Required action>
Nothing but the lines from the one containing "Счастливый человечек среди" through the last line of the records below should be copied, exactly and without pictures.

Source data

┄┄┄┄┄┄┄┄┄┄

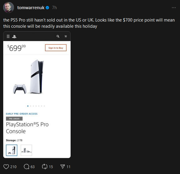 arrow-up1454arrow-down1image[Tom Warren] The PS5 Pro still hasn’t sold out in the US or UK. Looks like the $700 price point will mean this console will be readily available this holidaylemmy.world2pt_perversion@lemmy.world to Games@lemmy.worldEnglish · 1 day agomessage-square228fedilink
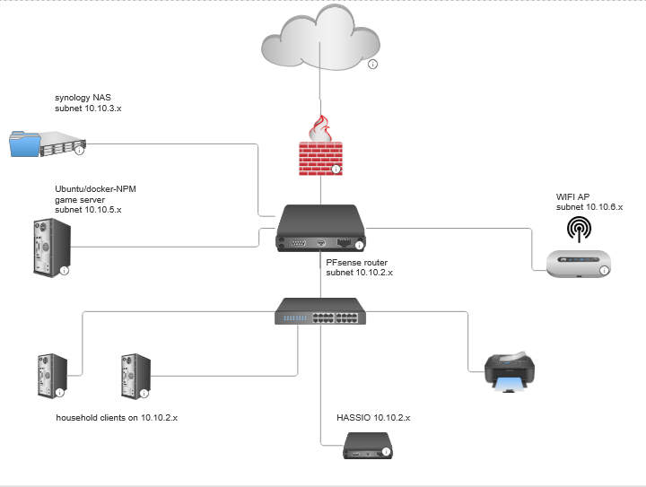 pfsense is configured as it should with 80/443 open to WAN and all LAN subnet open to each other
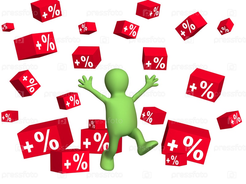 Счастливый человечек среди падающих коробок с символами плюс и процент
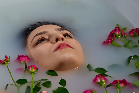 Beautiful girl in milk bath, selective focus on face. Spa and skin care concept. Healthy Face and hands, rejuvenation.
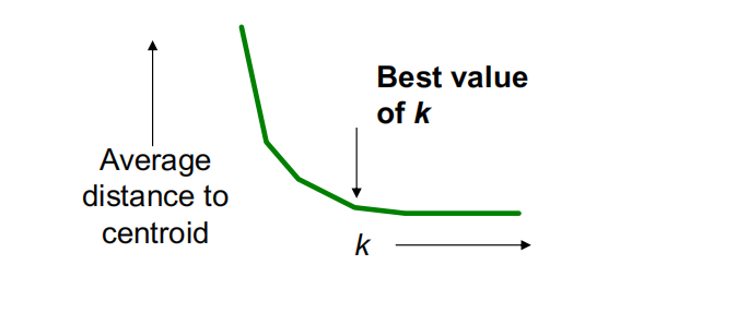 不同的k值,观察随着k增加,到质心的平均距离的变化情况。平均值在达到正确的k之前迅速下降,之后变化不大。
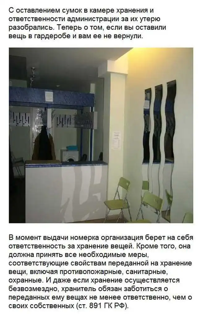 Так может любой дурак положить сумку на хранение а потом сказать, что у него украли миллион зелёных. Хотел бы я посмотреть как очередной читатель данной статьи будет угрожать судом за то, что его не пустили с сумкой
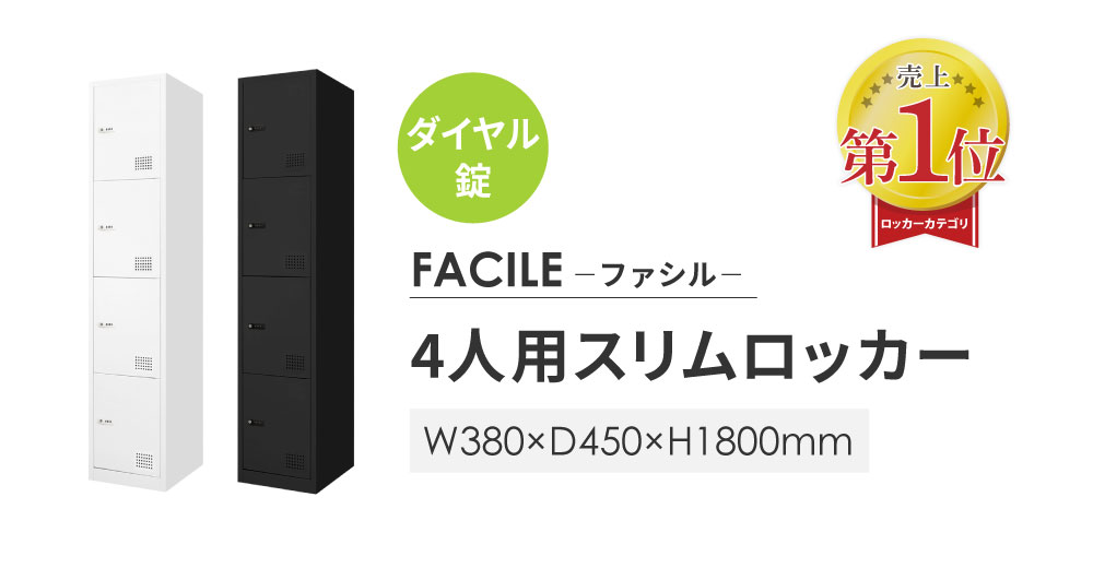 FACILE(ファシル) 4人用 スリムロッカー ダイヤル錠

┄┄┄┄┄┄┄┄┄┄

Result of this task>
 Счастливый человечек среди падающих коробок с символами плюс и процент
 Beautiful girl in milk bath, selective focus on face. Spa and skin care concept. Healthy Face and hands, rejuvenation.
 不同的k值,观察随着k增加,到质心的平均距离的变化情况。平均值在达到正确的k之前迅速下降,之后变化不大。
 Так может любой дурак положить сумку на хранение а потом сказать, что у него украли миллион зелёных. Хотел бы я посмотреть как очередной читатель данной статьи будет угрожать судом за то, что его не пустили с сумкой
 FACILE(ファシル) 4人用 スリムロッカー ダイヤル錠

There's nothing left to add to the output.